» **GIVEN DATA**

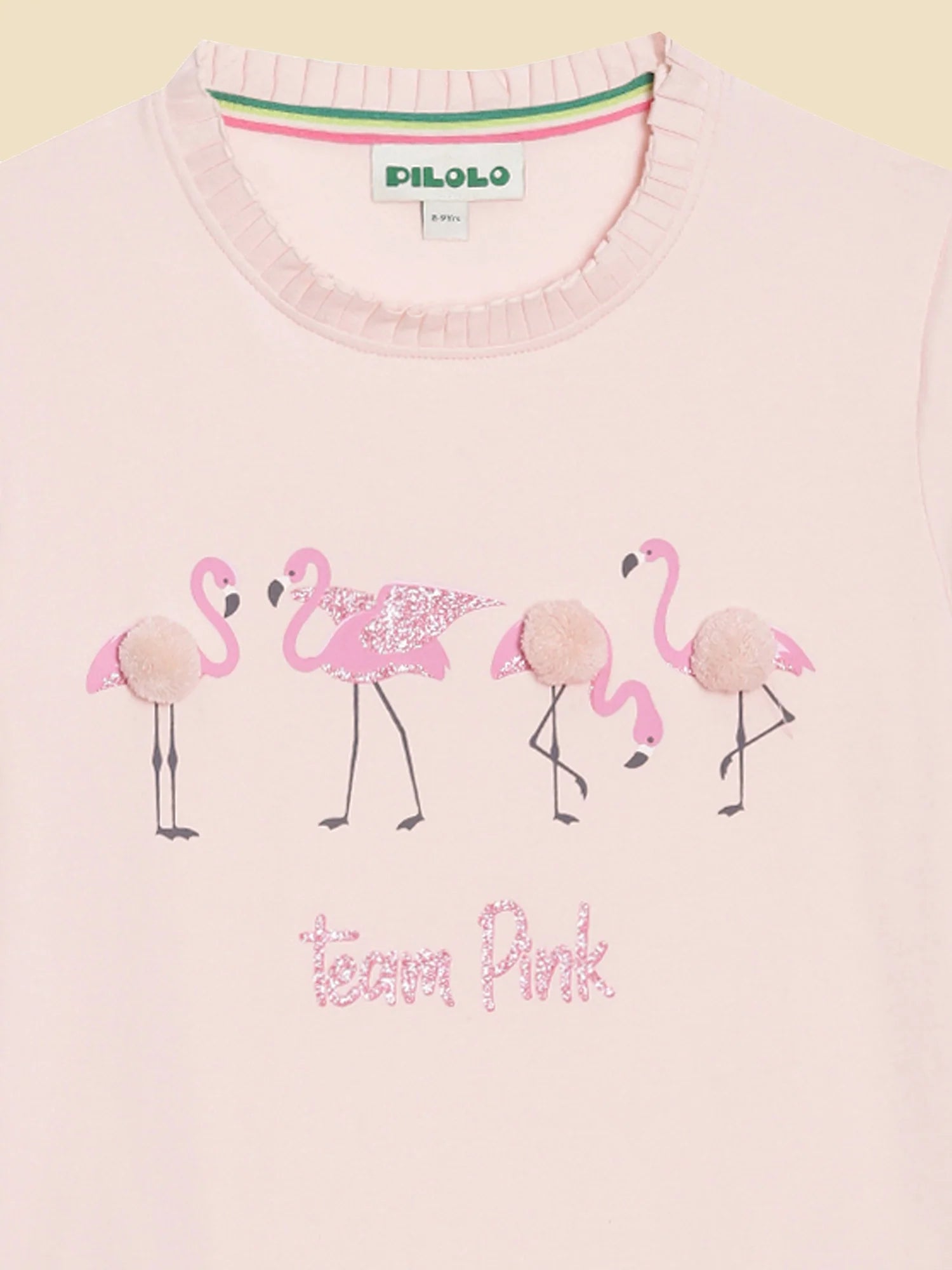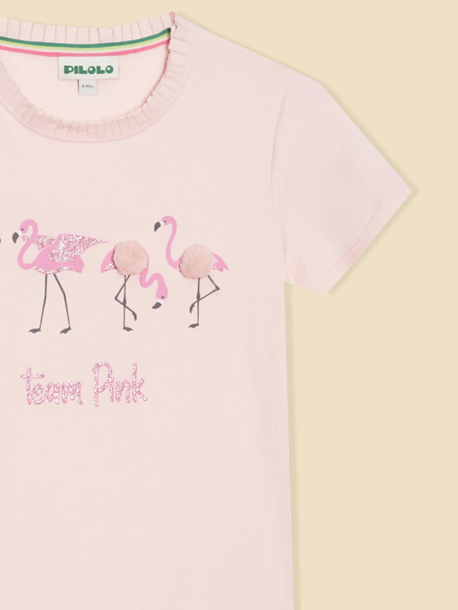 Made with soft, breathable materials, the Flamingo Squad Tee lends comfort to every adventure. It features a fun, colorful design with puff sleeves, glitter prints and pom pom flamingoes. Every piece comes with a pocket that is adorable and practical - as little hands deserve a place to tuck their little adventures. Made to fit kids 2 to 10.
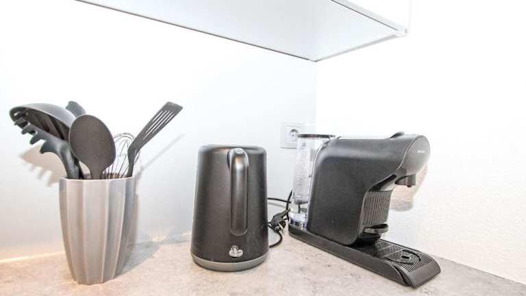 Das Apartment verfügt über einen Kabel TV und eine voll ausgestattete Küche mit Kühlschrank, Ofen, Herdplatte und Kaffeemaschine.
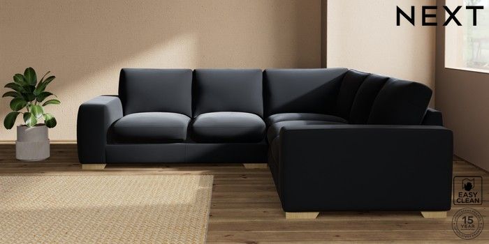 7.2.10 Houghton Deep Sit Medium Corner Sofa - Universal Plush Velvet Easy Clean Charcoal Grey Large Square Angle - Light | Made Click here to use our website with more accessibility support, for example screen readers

» **TASK TO COMPLETE**
Copy out exactly the lines that run from the line containing "Das Apartment verfügt" through the last line of the material, and nothing more; omit the pictures.

» **SOLUTION FOR THIS PROBLEM**
 Das Apartment verfügt über einen Kabel TV und eine voll ausgestattete Küche mit Kühlschrank, Ofen, Herdplatte und Kaffeemaschine.
 7.2.10 Houghton Deep Sit Medium Corner Sofa - Universal Plush Velvet Easy Clean Charcoal Grey Large Square Angle - Light | Made Click here to use our website with more accessibility support, for example screen readers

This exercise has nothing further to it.